Required action: All of the data is to be printed again exactly as it appears.

___

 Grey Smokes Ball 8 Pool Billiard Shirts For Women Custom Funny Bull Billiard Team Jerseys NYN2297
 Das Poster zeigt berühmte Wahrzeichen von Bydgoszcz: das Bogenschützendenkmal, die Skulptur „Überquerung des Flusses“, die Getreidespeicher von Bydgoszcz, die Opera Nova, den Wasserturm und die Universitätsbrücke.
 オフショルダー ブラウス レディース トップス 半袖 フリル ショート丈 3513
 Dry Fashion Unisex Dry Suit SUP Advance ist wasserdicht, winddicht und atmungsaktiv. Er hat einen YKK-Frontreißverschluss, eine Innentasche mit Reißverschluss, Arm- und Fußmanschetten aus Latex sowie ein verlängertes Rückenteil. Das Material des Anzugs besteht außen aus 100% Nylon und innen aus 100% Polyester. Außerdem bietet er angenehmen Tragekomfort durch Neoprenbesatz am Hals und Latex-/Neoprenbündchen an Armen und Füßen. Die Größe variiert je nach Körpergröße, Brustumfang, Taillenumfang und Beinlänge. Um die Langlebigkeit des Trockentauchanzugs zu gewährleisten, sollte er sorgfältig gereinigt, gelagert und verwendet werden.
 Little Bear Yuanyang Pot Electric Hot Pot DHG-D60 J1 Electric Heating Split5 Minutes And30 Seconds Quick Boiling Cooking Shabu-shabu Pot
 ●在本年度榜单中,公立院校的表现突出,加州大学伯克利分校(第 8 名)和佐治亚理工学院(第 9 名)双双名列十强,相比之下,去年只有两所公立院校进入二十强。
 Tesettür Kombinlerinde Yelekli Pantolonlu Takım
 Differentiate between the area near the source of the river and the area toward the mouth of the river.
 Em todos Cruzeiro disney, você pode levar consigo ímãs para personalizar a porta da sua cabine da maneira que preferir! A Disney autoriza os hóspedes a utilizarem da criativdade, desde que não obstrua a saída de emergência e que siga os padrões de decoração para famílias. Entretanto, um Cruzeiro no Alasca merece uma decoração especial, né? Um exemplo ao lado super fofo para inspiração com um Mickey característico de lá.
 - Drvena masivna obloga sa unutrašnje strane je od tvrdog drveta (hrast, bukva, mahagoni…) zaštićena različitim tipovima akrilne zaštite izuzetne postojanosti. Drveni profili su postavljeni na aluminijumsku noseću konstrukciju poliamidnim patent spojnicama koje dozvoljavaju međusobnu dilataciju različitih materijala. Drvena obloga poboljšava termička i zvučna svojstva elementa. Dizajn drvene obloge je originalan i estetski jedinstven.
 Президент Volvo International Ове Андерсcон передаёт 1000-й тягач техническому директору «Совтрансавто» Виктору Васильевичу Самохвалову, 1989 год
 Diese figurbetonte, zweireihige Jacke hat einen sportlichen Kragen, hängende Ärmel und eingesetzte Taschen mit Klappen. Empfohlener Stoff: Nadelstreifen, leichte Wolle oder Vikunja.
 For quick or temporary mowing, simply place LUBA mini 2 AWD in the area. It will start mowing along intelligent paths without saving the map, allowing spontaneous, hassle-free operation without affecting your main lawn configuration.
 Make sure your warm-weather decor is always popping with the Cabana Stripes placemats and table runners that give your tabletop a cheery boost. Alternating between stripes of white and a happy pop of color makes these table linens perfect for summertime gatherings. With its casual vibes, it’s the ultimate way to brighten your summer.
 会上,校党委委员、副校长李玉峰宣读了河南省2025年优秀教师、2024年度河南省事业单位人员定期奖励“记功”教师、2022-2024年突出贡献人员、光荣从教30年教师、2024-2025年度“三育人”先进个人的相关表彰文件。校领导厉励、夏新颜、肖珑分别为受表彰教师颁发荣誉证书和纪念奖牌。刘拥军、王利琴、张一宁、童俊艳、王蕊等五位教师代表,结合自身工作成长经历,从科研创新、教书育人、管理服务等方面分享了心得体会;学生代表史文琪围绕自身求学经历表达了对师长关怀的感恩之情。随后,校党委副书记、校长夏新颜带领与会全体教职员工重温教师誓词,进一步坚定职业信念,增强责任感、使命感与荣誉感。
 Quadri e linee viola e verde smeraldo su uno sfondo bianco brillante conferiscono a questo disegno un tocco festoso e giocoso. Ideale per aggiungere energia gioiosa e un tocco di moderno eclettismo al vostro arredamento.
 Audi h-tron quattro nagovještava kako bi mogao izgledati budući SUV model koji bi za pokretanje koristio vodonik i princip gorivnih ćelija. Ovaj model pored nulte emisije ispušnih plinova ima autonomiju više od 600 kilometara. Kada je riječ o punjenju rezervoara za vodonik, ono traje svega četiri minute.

___

Expected answer:
 Grey Smokes Ball 8 Pool Billiard Shirts For Women Custom Funny Bull Billiard Team Jerseys NYN2297
 Das Poster zeigt berühmte Wahrzeichen von Bydgoszcz: das Bogenschützendenkmal, die Skulptur „Überquerung des Flusses“, die Getreidespeicher von Bydgoszcz, die Opera Nova, den Wasserturm und die Universitätsbrücke.
 オフショルダー ブラウス レディース トップス 半袖 フリル ショート丈 3513
 Dry Fashion Unisex Dry Suit SUP Advance ist wasserdicht, winddicht und atmungsaktiv. Er hat einen YKK-Frontreißverschluss, eine Innentasche mit Reißverschluss, Arm- und Fußmanschetten aus Latex sowie ein verlängertes Rückenteil. Das Material des Anzugs besteht außen aus 100% Nylon und innen aus 100% Polyester. Außerdem bietet er angenehmen Tragekomfort durch Neoprenbesatz am Hals und Latex-/Neoprenbündchen an Armen und Füßen. Die Größe variiert je nach Körpergröße, Brustumfang, Taillenumfang und Beinlänge. Um die Langlebigkeit des Trockentauchanzugs zu gewährleisten, sollte er sorgfältig gereinigt, gelagert und verwendet werden.
 Little Bear Yuanyang Pot Electric Hot Pot DHG-D60 J1 Electric Heating Split5 Minutes And30 Seconds Quick Boiling Cooking Shabu-shabu Pot
 ●在本年度榜单中,公立院校的表现突出,加州大学伯克利分校(第 8 名)和佐治亚理工学院(第 9 名)双双名列十强,相比之下,去年只有两所公立院校进入二十强。
 Tesettür Kombinlerinde Yelekli Pantolonlu Takım
 Differentiate between the area near the source of the river and the area toward the mouth of the river.
 Em todos Cruzeiro disney, você pode levar consigo ímãs para personalizar a porta da sua cabine da maneira que preferir! A Disney autoriza os hóspedes a utilizarem da criativdade, desde que não obstrua a saída de emergência e que siga os padrões de decoração para famílias. Entretanto, um Cruzeiro no Alasca merece uma decoração especial, né? Um exemplo ao lado super fofo para inspiração com um Mickey característico de lá.
 - Drvena masivna obloga sa unutrašnje strane je od tvrdog drveta (hrast, bukva, mahagoni…) zaštićena različitim tipovima akrilne zaštite izuzetne postojanosti. Drveni profili su postavljeni na aluminijumsku noseću konstrukciju poliamidnim patent spojnicama koje dozvoljavaju međusobnu dilataciju različitih materijala. Drvena obloga poboljšava termička i zvučna svojstva elementa. Dizajn drvene obloge je originalan i estetski jedinstven.
 Президент Volvo International Ове Андерсcон передаёт 1000-й тягач техническому директору «Совтрансавто» Виктору Васильевичу Самохвалову, 1989 год
 Diese figurbetonte, zweireihige Jacke hat einen sportlichen Kragen, hängende Ärmel und eingesetzte Taschen mit Klappen. Empfohlener Stoff: Nadelstreifen, leichte Wolle oder Vikunja.
 For quick or temporary mowing, simply place LUBA mini 2 AWD in the area. It will start mowing along intelligent paths without saving the map, allowing spontaneous, hassle-free operation without affecting your main lawn configuration.
 Make sure your warm-weather decor is always popping with the Cabana Stripes placemats and table runners that give your tabletop a cheery boost. Alternating between stripes of white and a happy pop of color makes these table linens perfect for summertime gatherings. With its casual vibes, it’s the ultimate way to brighten your summer.
 会上,校党委委员、副校长李玉峰宣读了河南省2025年优秀教师、2024年度河南省事业单位人员定期奖励“记功”教师、2022-2024年突出贡献人员、光荣从教30年教师、2024-2025年度“三育人”先进个人的相关表彰文件。校领导厉励、夏新颜、肖珑分别为受表彰教师颁发荣誉证书和纪念奖牌。刘拥军、王利琴、张一宁、童俊艳、王蕊等五位教师代表,结合自身工作成长经历,从科研创新、教书育人、管理服务等方面分享了心得体会;学生代表史文琪围绕自身求学经历表达了对师长关怀的感恩之情。随后,校党委副书记、校长夏新颜带领与会全体教职员工重温教师誓词,进一步坚定职业信念,增强责任感、使命感与荣誉感。
 Quadri e linee viola e verde smeraldo su uno sfondo bianco brillante conferiscono a questo disegno un tocco festoso e giocoso. Ideale per aggiungere energia gioiosa e un tocco di moderno eclettismo al vostro arredamento.
 Audi h-tron quattro nagovještava kako bi mogao izgledati budući SUV model koji bi za pokretanje koristio vodonik i princip gorivnih ćelija. Ovaj model pored nulte emisije ispušnih plinova ima autonomiju više od 600 kilometara. Kada je riječ o punjenju rezervoara za vodonik, ono traje svega četiri minute.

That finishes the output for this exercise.